RECORDS FOR THIS EXERCISE Start Marker
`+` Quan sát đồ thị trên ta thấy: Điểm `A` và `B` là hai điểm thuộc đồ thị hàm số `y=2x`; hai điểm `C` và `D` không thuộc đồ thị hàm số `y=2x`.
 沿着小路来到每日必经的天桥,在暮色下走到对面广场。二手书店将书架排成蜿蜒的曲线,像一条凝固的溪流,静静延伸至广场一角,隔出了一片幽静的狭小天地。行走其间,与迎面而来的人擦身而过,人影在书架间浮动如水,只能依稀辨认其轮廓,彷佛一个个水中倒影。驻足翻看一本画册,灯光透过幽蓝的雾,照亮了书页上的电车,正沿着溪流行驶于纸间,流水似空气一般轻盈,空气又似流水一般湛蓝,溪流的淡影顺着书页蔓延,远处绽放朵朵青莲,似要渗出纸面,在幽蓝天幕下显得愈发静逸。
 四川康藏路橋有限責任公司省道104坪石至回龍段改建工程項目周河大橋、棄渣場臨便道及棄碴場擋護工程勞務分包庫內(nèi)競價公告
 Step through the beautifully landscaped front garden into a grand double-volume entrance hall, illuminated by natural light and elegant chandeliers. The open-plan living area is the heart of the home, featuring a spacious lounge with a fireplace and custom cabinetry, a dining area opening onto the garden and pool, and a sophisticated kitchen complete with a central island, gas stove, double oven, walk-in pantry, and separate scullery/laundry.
RECORDS FOR THIS EXERCISE End Marker
RECORDS FOR THIS EXERCISE Start Marker
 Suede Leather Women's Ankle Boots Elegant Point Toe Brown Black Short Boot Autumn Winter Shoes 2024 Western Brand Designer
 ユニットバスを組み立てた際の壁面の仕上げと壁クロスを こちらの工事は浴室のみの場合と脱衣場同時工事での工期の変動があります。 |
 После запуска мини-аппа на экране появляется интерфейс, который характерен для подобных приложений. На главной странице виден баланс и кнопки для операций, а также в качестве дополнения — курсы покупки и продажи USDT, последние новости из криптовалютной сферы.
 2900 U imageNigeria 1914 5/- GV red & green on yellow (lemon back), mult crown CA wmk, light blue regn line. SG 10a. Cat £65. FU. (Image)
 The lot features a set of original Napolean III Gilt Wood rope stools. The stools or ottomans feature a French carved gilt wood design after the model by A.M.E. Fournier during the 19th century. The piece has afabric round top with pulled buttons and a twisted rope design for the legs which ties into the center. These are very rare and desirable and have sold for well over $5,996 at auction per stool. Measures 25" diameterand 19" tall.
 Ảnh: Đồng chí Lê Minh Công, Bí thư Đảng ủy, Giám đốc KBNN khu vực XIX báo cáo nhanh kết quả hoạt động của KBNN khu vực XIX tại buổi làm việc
RECORDS FOR THIS EXERCISE End Marker
RECORDS FOR THIS EXERCISE Start Marker
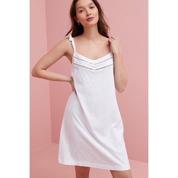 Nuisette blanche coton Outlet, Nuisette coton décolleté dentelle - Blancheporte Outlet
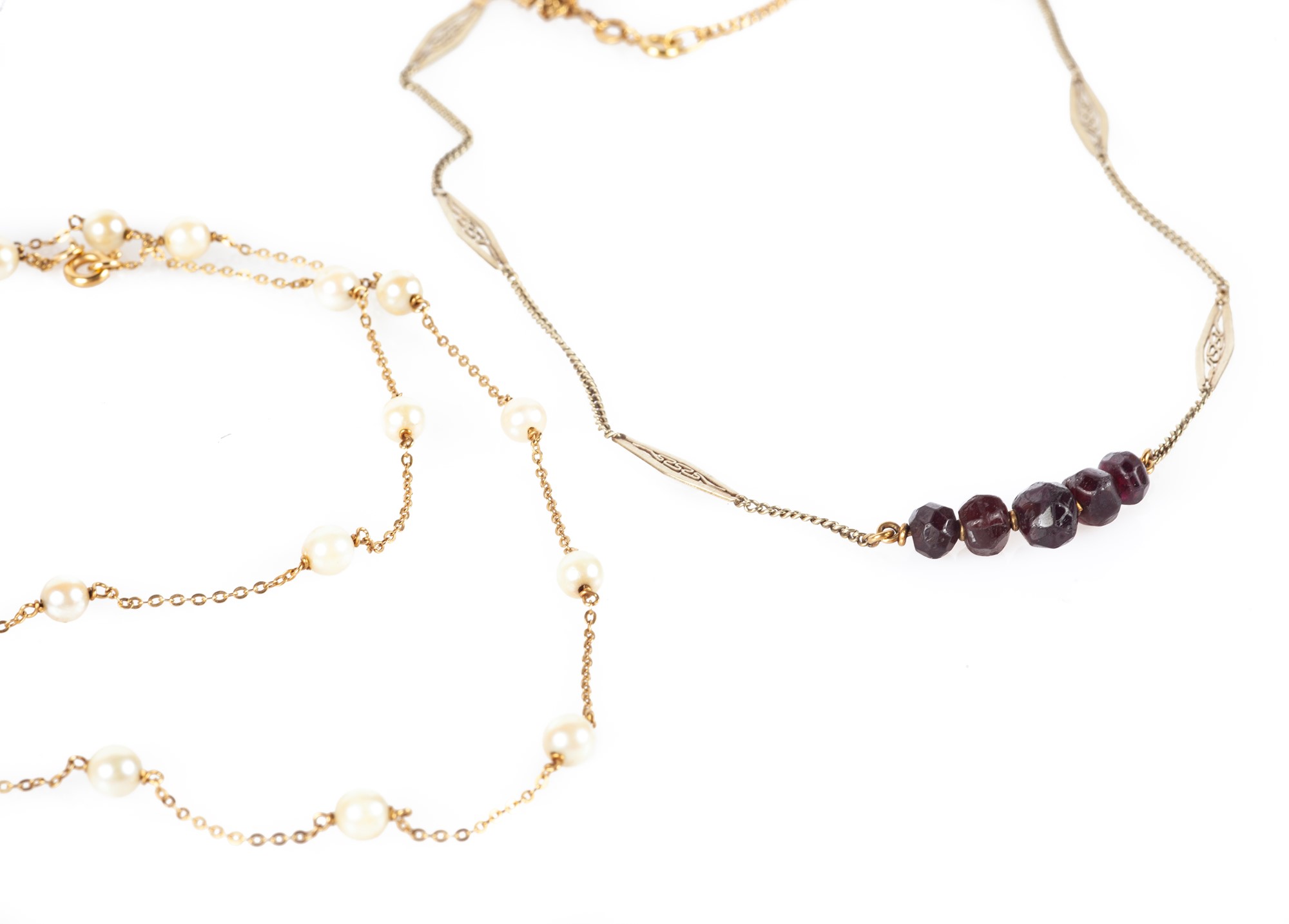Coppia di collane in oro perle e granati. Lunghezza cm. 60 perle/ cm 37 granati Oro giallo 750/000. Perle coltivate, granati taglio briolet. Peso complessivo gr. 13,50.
RECORDS FOR THIS EXERCISE End Marker
*REQUIRED ACTION*:
Extract the lines of the preceding material that run from the line with "Quan sát đồ" through the line with "四川康藏路橋有限責任公司省道", inclusive, reproducing them exactly and adding nothing.

*TASK OUTPUT*:
`+` Quan sát đồ thị trên ta thấy: Điểm `A` và `B` là hai điểm thuộc đồ thị hàm số `y=2x`; hai điểm `C` và `D` không thuộc đồ thị hàm số `y=2x`.
 沿着小路来到每日必经的天桥,在暮色下走到对面广场。二手书店将书架排成蜿蜒的曲线,像一条凝固的溪流,静静延伸至广场一角,隔出了一片幽静的狭小天地。行走其间,与迎面而来的人擦身而过,人影在书架间浮动如水,只能依稀辨认其轮廓,彷佛一个个水中倒影。驻足翻看一本画册,灯光透过幽蓝的雾,照亮了书页上的电车,正沿着溪流行驶于纸间,流水似空气一般轻盈,空气又似流水一般湛蓝,溪流的淡影顺着书页蔓延,远处绽放朵朵青莲,似要渗出纸面,在幽蓝天幕下显得愈发静逸。
 四川康藏路橋有限責任公司省道104坪石至回龍段改建工程項目周河大橋、棄渣場臨便道及棄碴場擋護工程勞務分包庫內(nèi)競價公告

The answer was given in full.